# R5 Question



## djack41 (Feb 5, 2021)

Is the R5 capable of shooting "uncompressed" RAW at 20 FPS in electronic shutter. Or does it require compressed RAW to achieve 20 FPS?


----------



## Chris.Chapterten (Feb 5, 2021)

Raw files will be 12 bit when shooting at 20fps. You lose some ability to push shadows as hard and noise performance may be slightly worse. But most people say the results are more than acceptable.


----------



## Viggo (Feb 5, 2021)

To me, with shots that can almost only be captured at 20 fps I generally care much more about the peak moment than absolute raw flexibility. There is a difference when pushing the file, but that’s rarely needed or noticed.


----------



## Joules (Feb 5, 2021)

People confuse the terminology. 12 bit vs 13 or 14 is not really compressed! All Canon RAW formats are compressed, though usually lossless. That's what you want: lower file sizes while retaining all the information.

The lower bit depths aren't really compression. That's just not capturing as much information in the first place.

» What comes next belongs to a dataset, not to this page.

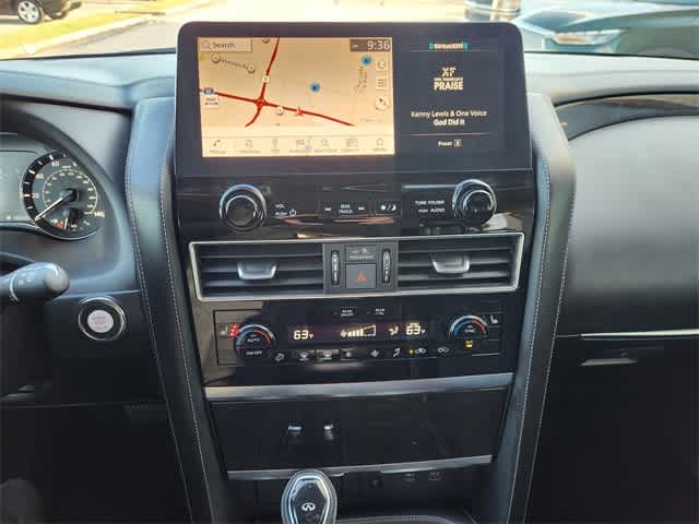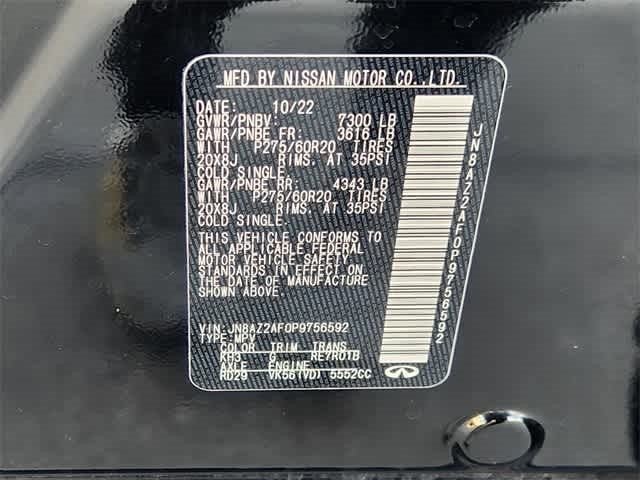 Certified. **Factory Certified Pre-owned Vehicle!, **Panoramic Moonroof!, **Navigation!, **Rear View Back-Up Camera!, **Back Up Warning Sensors!, **Blind Spot Technology, 13 Speakers, 2.937 Axle Ratio, 3rd row seats: split-bench, 4-Wheel Disc Brakes, ABS brakes, Air Conditioning, Alloy wheels, AM/FM radio: SiriusXM, Anti-whiplash front head restraints, Auto High-beam Headlights, Auto tilt-away steering wheel, Auto-dimming door mirrors, Auto-dimming Rear-View mirror, Auto-leveling suspension, Automatic temperature control, Brake assist, Bumpers: body-color, Cargo Net, Cargo Package, Carpeted Cargo Mat, Center Console Tray, Compass, Console Net, Delay-off headlights, Driver door bin, Driver vanity mirror, Dual front impact airbags, Dual front side impact airbags, Electronic Stability Control, Emergency communication system: INFINITI InTouch, First-Aid Kit, Four wheel independent suspension, Front anti-roll bar, Front Bucket Seats, Front Center Armrest, Front dual zone A/C, Front fog lights, Front reading lights, Fully automatic headlights, Garage door transmitter: HomeLink, Heated door mirrors, Heated Front Bucket Seats, Heated front seats, Heated steering wheel, Illuminated entry, INFINITI Radiant Illuminated Kick Plates (N93), Leather Shift Knob, Leather steering wheel, Leather-Appointed Seats, Literature Kit, Low tire pressure warning, Memory seat, Navigation system: INFINITI InTouch Navigation, Occupant sensing airbag, Outside temperature display, Overhead airbag, Overhead console, Panic alarm, Passenger door bin, Passenger vanity mirror, Power door mirrors, Power driver seat, Power Liftgate, Power moonroof, Power passenger seat, Power steering, Power windows, Premium audio system: Bose, Radio data system, Radio: Bose Premium Audio System w/13 Speakers, Rain sensing wipers, Rear air conditioning, Rear anti-roll bar, Rear reading lights, Rear seat center armrest, Rear window defroster, Rear window wiper, Reclining 3rd row seat, Remote keyless entry, Security system, Speed control, Speed-sensing steering, Split folding rear seat, Spoiler, Steering wheel memory, Steering wheel mounted audio controls, Tachometer, Telescoping steering wheel, Tilt steering wheel, Traction control, Trip computer, Turn signal indicator mirrors, Variably intermittent wipers, Voltmeter, Wheels: 20 x 8.0 Aluminum-Alloy. CARFAX One-Owner.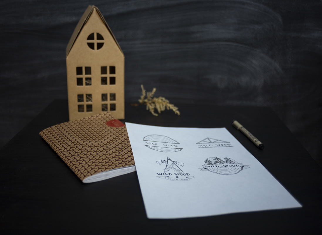 Заказчик предложил сделать что-то олдскульное, хипстерское, про натуральность, лес и уединение. Особенно запала в душу идея с логотипом в виде деревянной фермы для крыши.

Note that this only costs you dynamic range, and once your ISO is at or above 400, you will see no difference between 12-bit (Electronic shutter), 13-bit (12 FPS) and 14-bit (8 FPS or below).

See photons to photos for reference

With the lossy compressed RAW (CRAW) you are giving up something else. But nobody I am aware of was able to visually identify, what that is. But CRAW alone does not have to do anything with the 20 FPS mode.


----------